Progenitor: Sandulaek -89⁰ 202 at Large Magellanic Cloud. Mass 15-18 solar masses.

Optical observation 24 February 1987. Neutrino observations at February 23 7:35 UTC: Observations of SN1987A
The dashed lines are observations of IMB [ref] and the continuos lines are of Kamiokande. [ref] The horizontal axis is time in seconds and the vertical axis is energy in MeV.

NEW: Observations of IMB

Photos displaying the computer output of the events recorded by the IMB detector (23 February 1987):
33162 33164 33167 33168 33170 33173 33179 33184,
courtesy of Prof Jack van der Velde.

The viewer's eye has been placed at the origin of what is probably an (anti)neutrino interaction on a proton giving a positron and a neutron. The neutron goes undetected but a positron produces a cone of Cherenkiv light in the water which is detected by some of the 2048 photomultiplier tubes (PMT's) arrayed on the six walls of the detector. Each wall is divided into rectangular patches outlined by a given color (red, blue, yellow). The small dashes and crosses represent outputs of individual PMT's. The number of lines is proportional to the light that hit the PMT and the color repserents the time of the hits. The time-color scale (in nanoseconds) is shown on the left.
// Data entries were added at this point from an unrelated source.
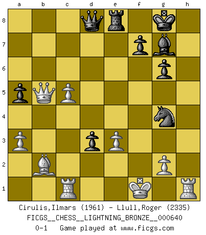 Last move : 0-1 2016 February 23 1:21:25 [Event "FICGS__CHESS__LIGHTNING_BRONZE__000640"] [Site "FICGS"] [Date "2016.02.23"] [Round "1"] [White "Cirulis,Ilmars"] [Black "Llull,Roger"] [Result "0-1"] [WhiteElo "1961"] [BlackElo "2335"] 1.b4 g6 2.Bb2 Nf6 3.a3 d6 4.h4 Bg7 5.e3 O-O 6.Be2 a5 7.c4 e5 8.Nc3 Na6 9.h5 Nxh5 10.b5 Nc5 11.d4 exd4 12.exd4 Nd7 13.Bxh5 gxh5 14.Qxh5 Nf6 15.Qf3 Bg4 16.Qd3 Bh5 17.Nge2 c6 18.Kf1 Bg6 19.Qh3 Re8 20.Nf4 Rc8 21.Rc1 d5 22.c5 b6 23.Na4 bxc5 24.dxc5 cxb5 25.Nb6 Rc7 26.Qb3 d4 27.Qxb5 Rce7 28.Nc4 d3 29.Nxg6 hxg6 30.Ne3 Rxe3 31.fxe3 Ng4 0-1 Polish (Sokolsky) opening Kingside Castling by player Black (move 5) Player Black won this chess game. Follow this game move after move (download)Chess is played with the mind and not with the hands ! (Renaud and Kahn) Das Schachspiel ist ein See, in welchem eine Mücke baden und ein Elefant ertrinken kann. (Emanuel Lasker) Fischer era un maestro de claridad y un Rey del posicionamiento astuto. Sus oponentes podían ver hacia donde se dirigía pero eran impotentes para detenerlo. (Bruce Pandolfini) Il n'y a pas eu de défaite parce que je ne crois pas que cet ordinateur ait jamais existé. IBM a triché en refusant d'imprimer les modes de recherche de la machine. C'est évident, pendant le match, des coups décisifs ont été joués par des êtres humains. Aujourd'hui, les meilleurs spécialistes en informatique ne peuvent toujours pas expliquer comment Deep-Blue a pu jouer contre la logique des ordinateurs. IBM a gagné une guerre de communication, mais ils sont incapables de prouver que l'ordinateur a gagné tout seul. (Garry Kasparov) Bobby never cared about money, though. His only desire was to prove that his choices were correct: He wanted chess to be important because he was a chess player, and he wanted to be important. Bobby knew money was important, but he didn't have a clue why, outside of clothes and status. The only way he could accomplish what he wanted was to fight for a lot of money. Once he got it, he gave it away. He did not know how to spend it. And once he'd become champion, after, essentially, sacrificing his life for it, he didn't know how to spend his time. (Bob Wade)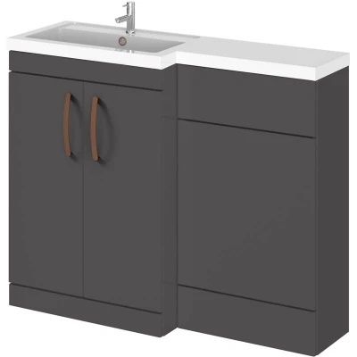 Balterley Gloss Grey Bathroom Vanity Unit with Basin & WC, Copper Handles, Left Hand, 1100mm x 390mm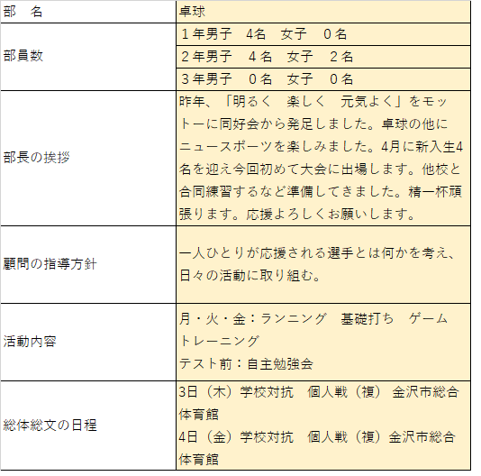 また、今日は新入生の予備入学でした。たくさんの部員が入ってくれるといいなと思います。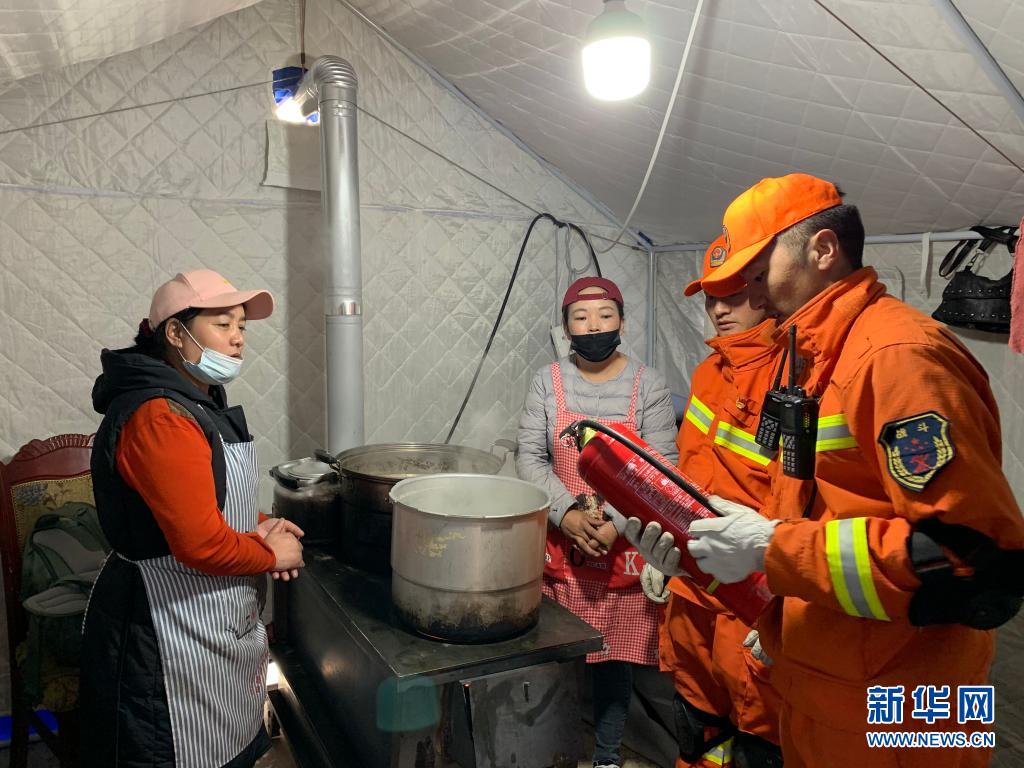 25日,青海玛多“5·22”7.4级地震灾后第四天,玛多县城飘起小雪。青海省玉树藏族自治州消防救援支队消防员群英尕丁,又来到玛多县民族寄宿制中学的安置区日常巡查。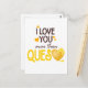 Strong words for any Texan here because our love for queso is legendary! Brown and yellow design with slightly distressed lettering. O in queso is a heart-shaped tortilla chip dripping with cheese. Matching products available.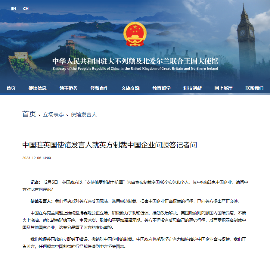 使馆发言人:我们坚决反对英方违反国际法、滥用单边制裁、损害中国企业正当权益的行径,已向英方提出严正交涉。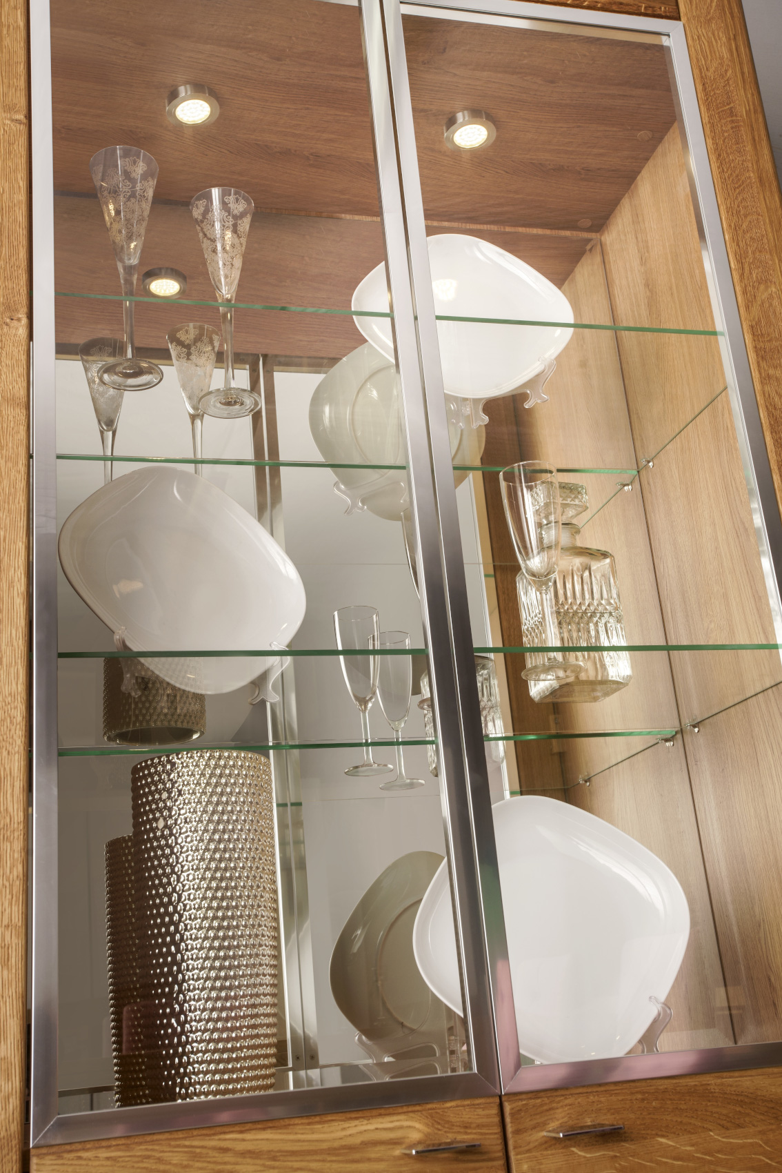 Moderní dvoudveřová vitrína Latina 12 vás zaujme svým přírodním designem se strukturou dřevěných lét s chromovými detaily. Přední dvířka jsou vyrobena z masivního dubového dřeva a korpus z přírodní dubové dýhy. Vitrína stojí na chromových nožkách, které provzdušní celý váš interiér a úchyty jsou vyrobeny také z chromu.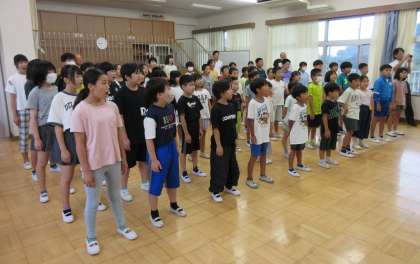 8月29日(木) 2学期始業式(1) 公開日 2024/08/29 更新日 2024/08/29 できごと 2学期始業式を行いました。教頭先生の開式のことばに続き、校歌斉唱です。夏休み明けとは思えないほど、いい声が出ていました。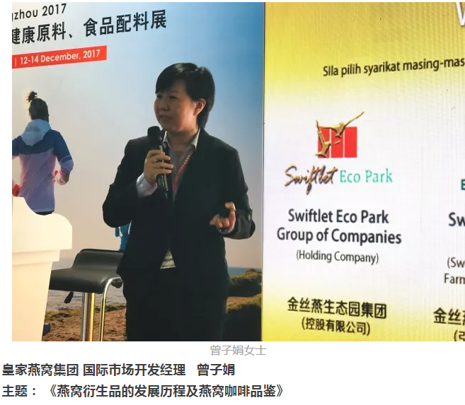 曾经理跟与会者分享了金丝燕的燕窝相关衍生品及燕窝咖啡品鉴的相关知识。她指出,马来西亚的燕屋数量预计到2020年约有100000间燕屋,燕窝市场前景明朗,发展势头迅猛,并表达出马来西亚农业部兽医局支持燕窝代替鱼翅的美好愿景。皇家燕窝集团和北京大学医学部合作把燕窝萃取标准化,推动燕窝行业标准规范化的积极发展。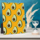 A cartoon style avocado pattern on an orange background.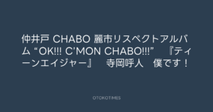寺岡呼人 @yohito_teraoka – 23:35・2010年12月20日 2010 12/20 寺岡呼人 2010-12-20 仲井戸 CHABO 麗市リスペクトアルバム “OK!!! C’MON CHABO!!!” 『ティーンエイジャー』 寺岡呼人 僕です! Source:https://x.com/yohito_teraoka/status/16864392758... text X Post 寺岡呼人 寺岡呼人 この記事が気に入ったら フォローしてね! Follow @OtokoTimes1988 よかったらシェアしてね! URLをコピーしました! 寺岡呼人 @yohito_teraoka - 23:35・2010年12月20日 寺岡呼人 @yohito_teraoka - 23:36・2010年12月20日 関連記事 Artist 寺岡呼人 1968.02.07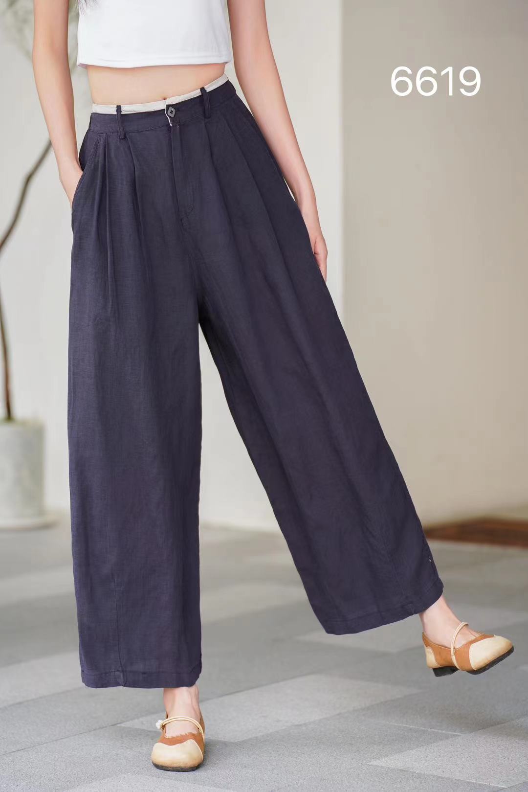 6619 黄 宝蓝 m l 春夏简约半松紧高腰亚麻 休闲裤宽松百搭显瘦长裤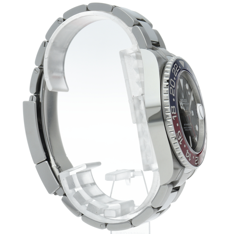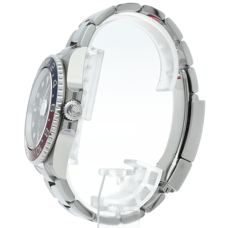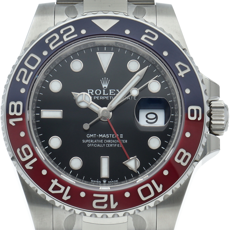ロレックス人気モデル「GMTマスター2」のモデルチェンジした新型モデルです。セラミックベゼルにブレスやバックルも新しくなり高級感が更に増した1本です。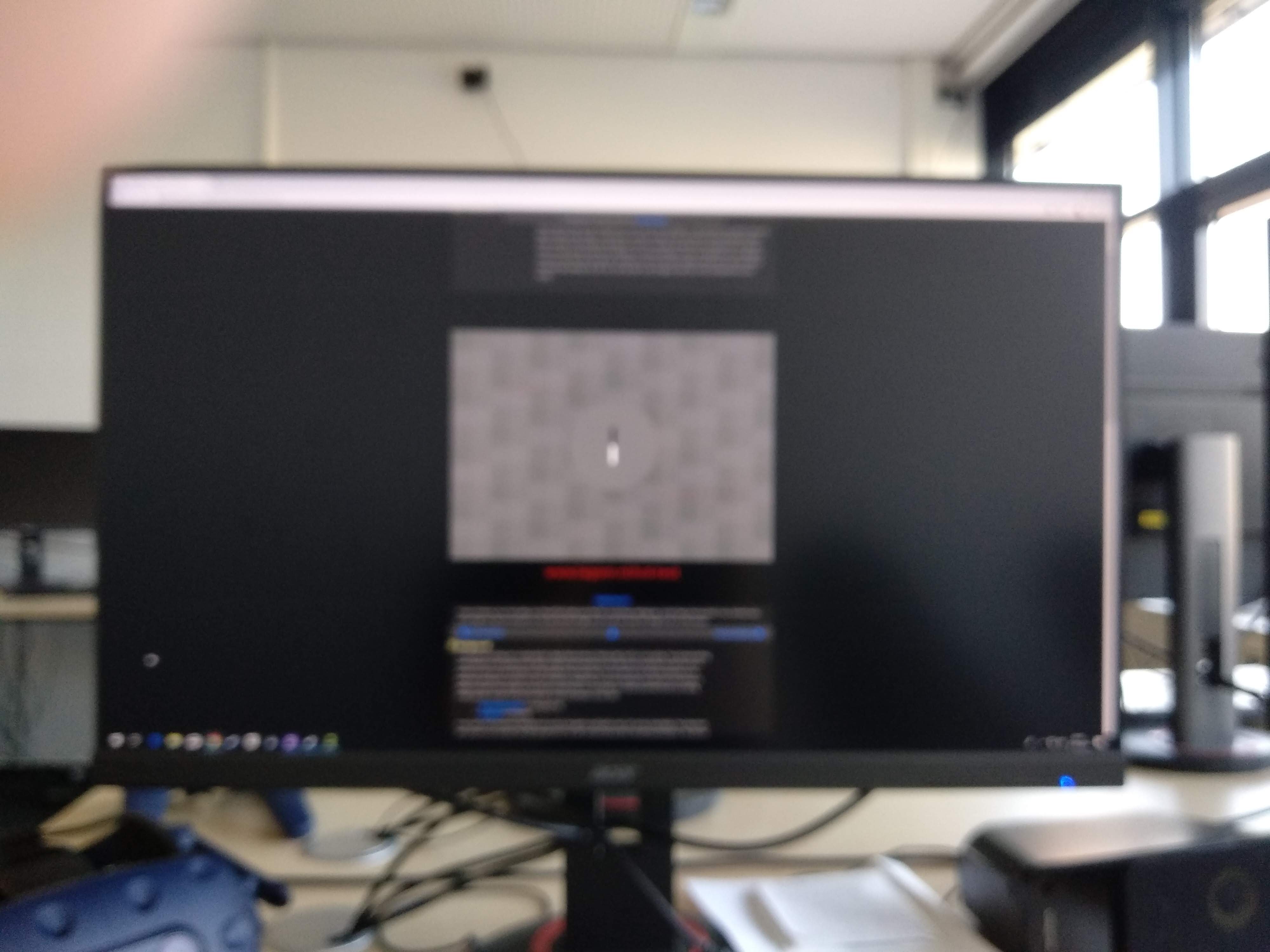 Die Bilder sind absichtlich unscharf, da dieser Test es genau so erfordert. Bei einem "korrekten" Monitor verschwimmt beim Zusammenkneifen der Augen oder bei der Aufnahme eines unscharfen Fotos alles zu einer einheitlich grauen Fläche. Bei einem Monitor, der das Bild künstlich schärfer oder unschärfer macht, sieht man die Strukturen wie in meinem Foto. Kannst du ja mit deinem Monitor selbst mal testen. http://www.lagom.nl/lcd-test/sharpness.php

The cones of Cherenkov light don't produce exact circles of PMT hits due to scattering and showering of the positrons in water. The best circle is event 33167. Event 33170 shows a Cherenkov cone grazing the blue and orange walls and then hitting the red wall head-on about 60 ns later.

The eight events came within a time itnerval of about 5 seconds, whereas the normal rate of such low energy events originating on the interior of the detector was about one every week. Hence the odds against these events being a statistical fluke are truly astronomical.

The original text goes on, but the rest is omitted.